Carta de Bukowski contra o trabalho

Carta de Bukowski contra o trabalho

Em 1969, John Martin, editora de Pardal preto fez o seguinte oferta para Charles Bukowski por carta. A nota dizia que ele foi oferecido $ 100 por mês para a vida do escritor, para que deixasse o trabalho que exercia na época (era carteiro nos correios dos Estados Unidos e aí já trabalhava há cerca de 15 anos) para se dedicar exclusivamente à escrita. Bukowski, é claro, aceitou a oferta e dois anos depois entregou à editora Pardal preto seu primeiro romance "O carteiro".

A carta

A carta de resposta a John foi mais ou menos assim:

12 agosto, 1986

Oi John:

Obrigado pela carta. Às vezes não dói tanto lembrar de onde viemos. E você conhece os lugares de onde eu venho. Mesmo as pessoas que tentam escrever ou fazer filmes sobre isso, não acertam. Eles chamam de "Das 9 às 5". Nunca é das 9 às 5. Nesses lugares não tem hora das refeições e, na verdade, se você quer manter o emprego, não sai para comer. E tem as horas extras, mas as horas extras nunca são devidamente registradas nos livros, e se você reclamar, há outro idiota disposto a tomar o seu lugar.

Você conhece o meu velho ditado: "A escravidão nunca foi abolida, apenas foi expandida para incluir todas as cores."

O que dói é a perda constante de humanidade daqueles que lutam para manter empregos que não desejam, mas temem uma alternativa pior. Simplesmente acontece que as pessoas se esvaziam. Eles são corpos com mentes temerosas e obedientes. A cor sai de seus olhos. A voz é feia. E o corpo. O cabelo. As umas. Os sapatos. Tudo.

Quando eu era jovem, não conseguia acreditar que as pessoas deram suas vidas em troca dessas condições. Agora que estou velho, ainda não acredito. Por que eles fazem isso? Para sexo? Para uma televisão? Para um carro com pagamentos fixos? Para as crianças? Crianças que farão exatamente as mesmas coisas?

Desde sempre, quando era muito jovem e ia de trabalho em trabalho, era ingénuo o suficiente para às vezes dizer aos meus colegas: “Ei! O patrão pode vir a qualquer momento e nos expulsar assim assim mesmo, não vê?

A única coisa que fizeram foi olhar para mim.

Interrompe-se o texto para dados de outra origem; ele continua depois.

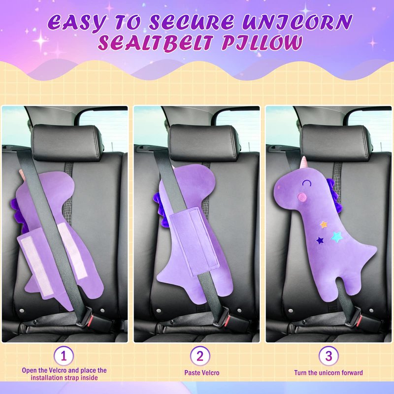 - 【Premium Unicorn Seat Belt Pad 】Our premium unicorn desig seat belt pad is a soft and comfortable seat belt cushion, designed to keep your child safe and comfortable during car rides. It provides superior support for your child's head, neck, and shoulders, so they can sleep soundly during long car trips.
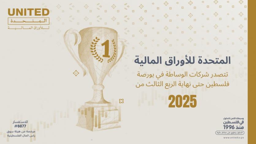 المتحدة للأوراق المالية تحافظ على ريادتها وتتصدر شركات الوساطة في بورصة فلسطين حتى نهاية الربع الثالث من العام 2025"
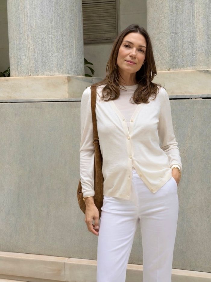 Για layering, ένα εκρού ζακετάκι σαν αυτό στο σύνολο της Βίκυς Καγιά ή ένα ελαφρύ πανωφόρι σε παρόμοιο τόνο είναι ιδανικό. Δημιουργεί επίπεδα στο outfit χωρίς να «σπάει» τη μονοχρωμία. Το μυστικό εδώ είναι να παίξεις με διαφορετικές υφές.
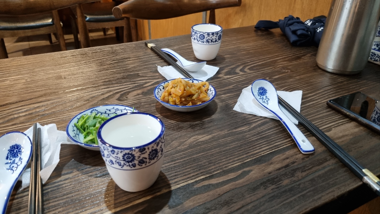 저희는 우육면 3개와 가지튀김을 시켰습니다. 기본 찬으로는 우육면에 들어가는 고수와 자차이 딱 2개가 나옵니다. 기본 반찬이 너무 간소(?)하지만 제일 중요한 건 메인 음식 아니겠습니까?

Ele estava oferecendo a eles algo que eles não queriam trazer à mente.

Agora, na indústria, há muitas dispensas (siderúrgicas mortas, mudanças técnicas e outras circunstâncias no local de trabalho). As dispensas chegam a centenas de milhares e seus rostos são chocantes:

“Fiquei aqui 35 anos ...”.

"Não é justo…".

"Não sei o que fazer…".

Os escravos nunca são pagos o suficiente para se libertar, mas apenas o suficiente para sobreviver e voltar ao trabalho. Eu pude ver isso. Por que não eles? Percebi que o banco do parque era tão bom quanto, que ser bartender era tão bom quanto. Por que não estar aqui antes de me colocar lá? Porque esperar?

Escrevi com nojo de tudo isso. Foi um alívio tirar toda aquela merda do meu sistema. E agora estou aqui: um "escritor profissional". Depois dos primeiros 50 anos, descobri que existem outras repugnâncias além do sistema.

Lembro-me de uma vez, trabalhando como empacotador em uma empresa de suprimentos de iluminação, de repente um de meus colegas disse: "Nunca serei livre!"

Um dos chefes estava andando por aí (seu nome era Morrie) e ele deu uma risada deliciosa, gostando do fato de que esse cara estava preso para o resto da vida.

Então, a sorte de finalmente sair daqueles lugares, não importa quanto demore, me deu uma espécie de felicidade, a alegria jubilosa do milagre. Eu escrevo agora com uma mente e um corpo velhos, muito depois de muitos acreditarem em continuar com isso, mas como comecei tão tarde, devo a mim mesmo ser persistente, e quando as palavras começam a falhar e eu tenho que buscar ajuda subindo as escadas e não consigo distinguir um azulejo de um grampo, ainda vou sentir que algo dentro de mim vai se lembrar (não importa o quão longe eu tenha ido) como eu entrei no meio de assassinato e confusão e tristeza por pelo menos , uma morte generosa.

Não ter perdido completamente a vida parece ser uma conquista, pelo menos para mim.